[CHAPTER XXVI.]

It was decided that Ronald Valchester should not hear of Jaquelina's strange disappearance. Already he lay at death's door, and the physicians declared that another shock of any kind would utterly destroy his frail hold on life.

As consciousness returned to him they avoided all mention of that once familiar name in the sick-room; yet they knew many a time, by the look in the beautiful, dark-gray eyes, that he was thinking of the girl he had loved so well and lost so sadly.
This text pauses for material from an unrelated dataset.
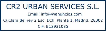 Te damos la bienvenida al portal www.wanuncios.com (en adelante, el “Portal”). Los productos y los servicios de WANUNCIOS (en adelante, los “Servicios”) se proporcionan a través de CR2 URBAN SERVICES S.L. (en adelante, «WANUNCIOS»), con el que puede contactar rápidamente a través de este formulario de contacto, Email de contacto info{arroba}wanuncios.com y nuestra dirección en Calle Clara del rey 2 Esc. Dch, Planta 1, Madrid, 28002 y con Número de Identificación Fiscal B13931035.

Sometimes they wondered why he never spoke of her. They did not know how Ronald and Lina had parted—how sorrowfully he had said to her, even as he held the small hands tightly in his own, and looked at her with a soul's despair stamped on his death white face:

"Lina, this is the last time I must hold your hands, or even look into your face while Gerald Huntington lives. You are legally his, and I have never believed in divorce. If the law were to free you, I should still hold you bound to him by a higher power than man's law. So you understand, dear, it is best we should separate wholly, never, perhaps, to look on each other's faces again. I pray God that I may die, and so pass from this life that but a little while ago was so fair and tempting in my eyes, and that is now but an empty desert. For you, my sweet, lost love, may God bless you, and give us both the strength to bear the heavy cross of sorrow!"

And Jaquelina, remembering Doctor Leslie's words that he must not be excited or contradicted in any way, had bowed her head, and answered meekly:

"It must be so if you will it thus, Ronald. God give us both the patience to bear it."

And with those words, and one last, lingering look at the beloved face, Jaquelina had kissed his hands, and gone away, but she had not let him see that look on her face that the others had seen—that hopeless despair and pain that it frightened Walter Earle to remember.

So they kept the story away from Ronald, even while the unspoken language of his eyes said plainer than words:

"I am longing to hear something of my poor lost love. Even to hear her name spoken aloud would be a relief, since it is ever ringing itself in my brain."